_Work task_
Exactly as they appear, retype the lines from the one containing "首都圏ではシングル・ファミリーともに昨年調査よりも大きく改善。" through the final line of the data below. Leave pictures out.

_Data block_
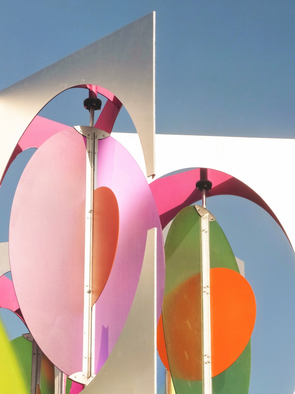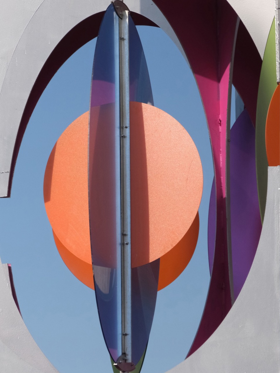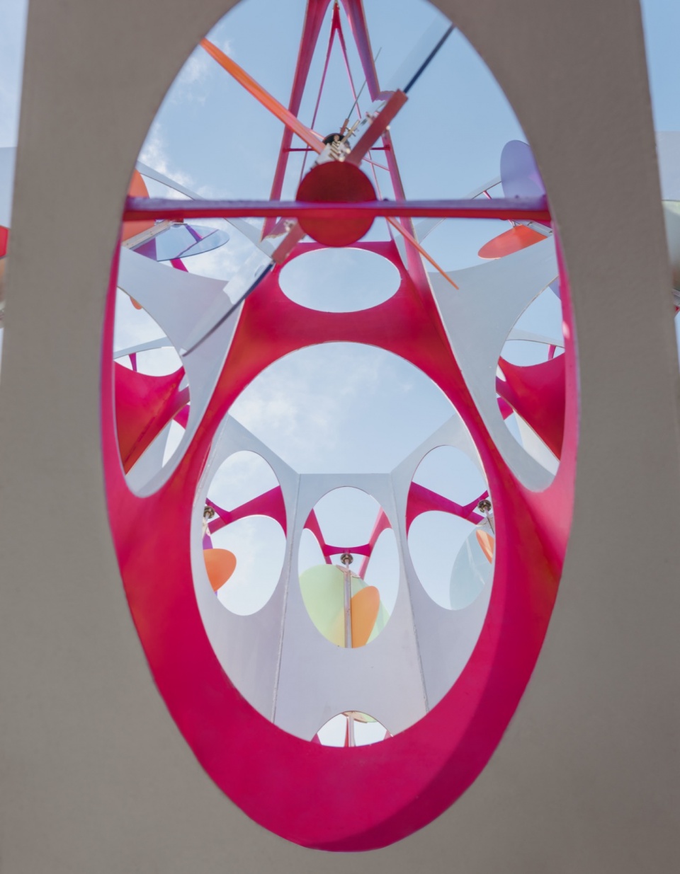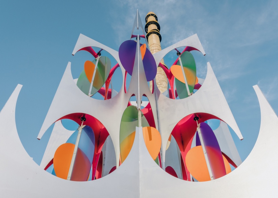 风,是这场视觉韵律的隐形指挥家。装置上方的彩色叶片,像是被自然注入灵魂的活页。它们在气流中自在旋转,时而重叠,时而疏离。半透明的材质,让色彩在交错中混合、在运动中渐变——那是风在空间中留下的彩色轨迹。
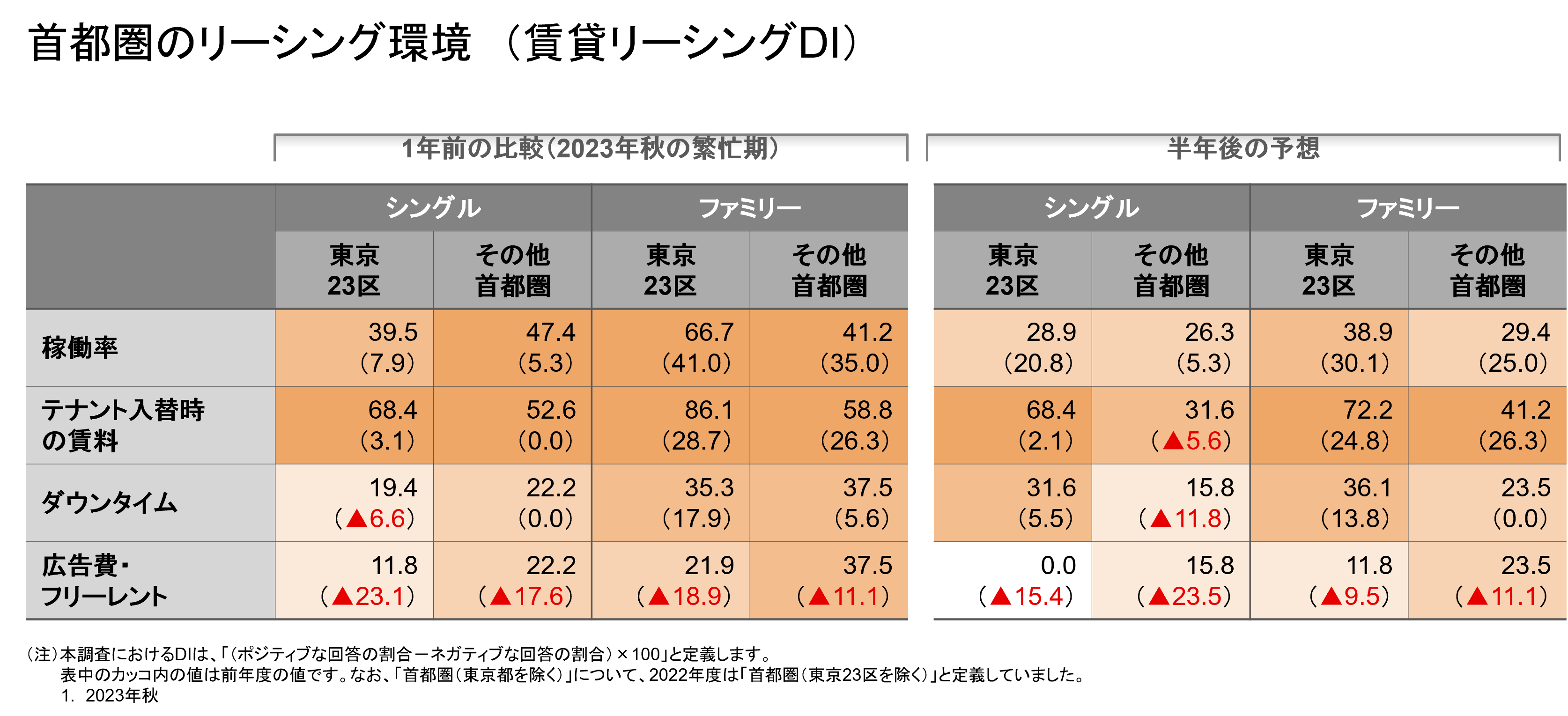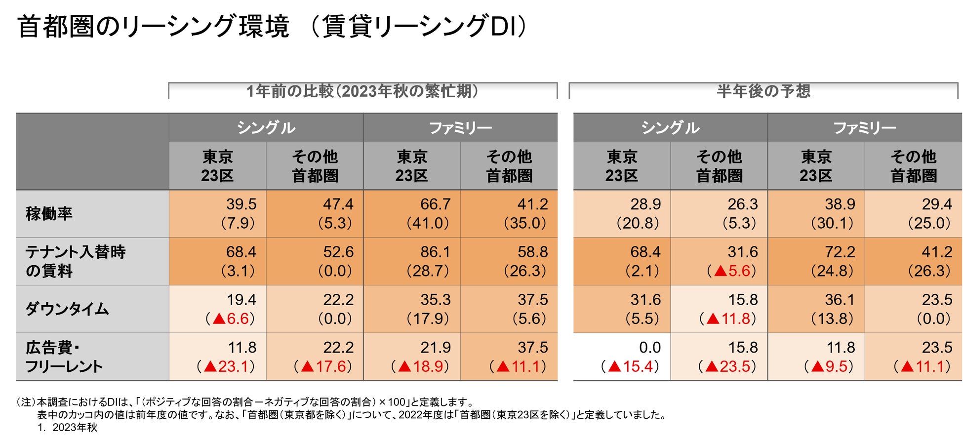 首都圏ではシングル・ファミリーともに昨年調査よりも大きく改善。
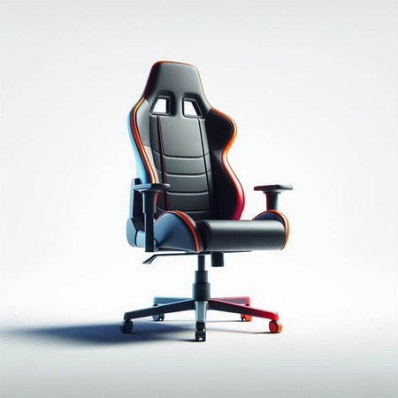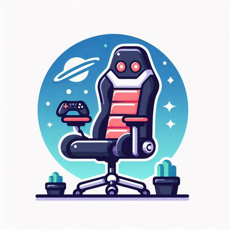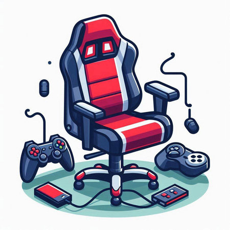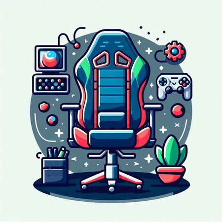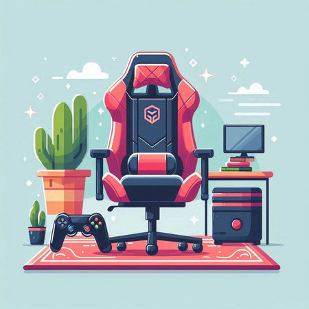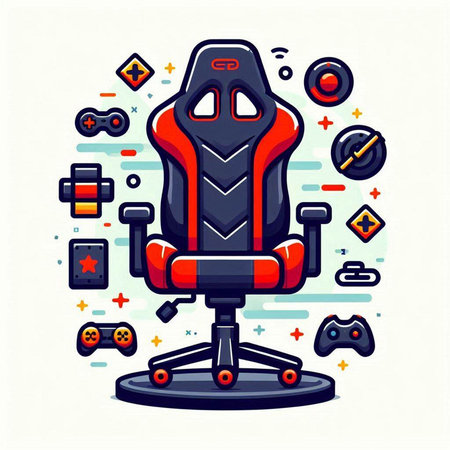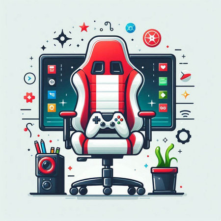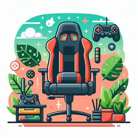 Vector illustration of a red office chair with gamepad and controller.
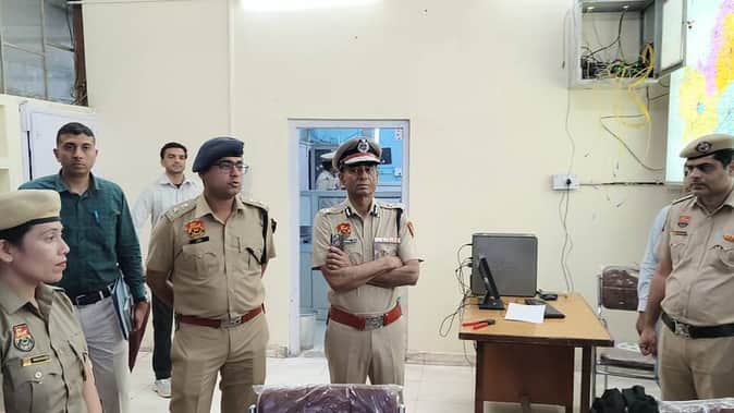 कुरुक्षेत्र। सीसीटीवी कंट्रोल रूम का अवलोकन करते हुए आईजी ओपी नरवाल व एसपी के साथ अन्य। पीआरओ

_Response below_
 首都圏ではシングル・ファミリーともに昨年調査よりも大きく改善。
 Vector illustration of a red office chair with gamepad and controller.
 कुरुक्षेत्र। सीसीटीवी कंट्रोल रूम का अवलोकन करते हुए आईजी ओपी नरवाल व एसपी के साथ अन्य। पीआरओ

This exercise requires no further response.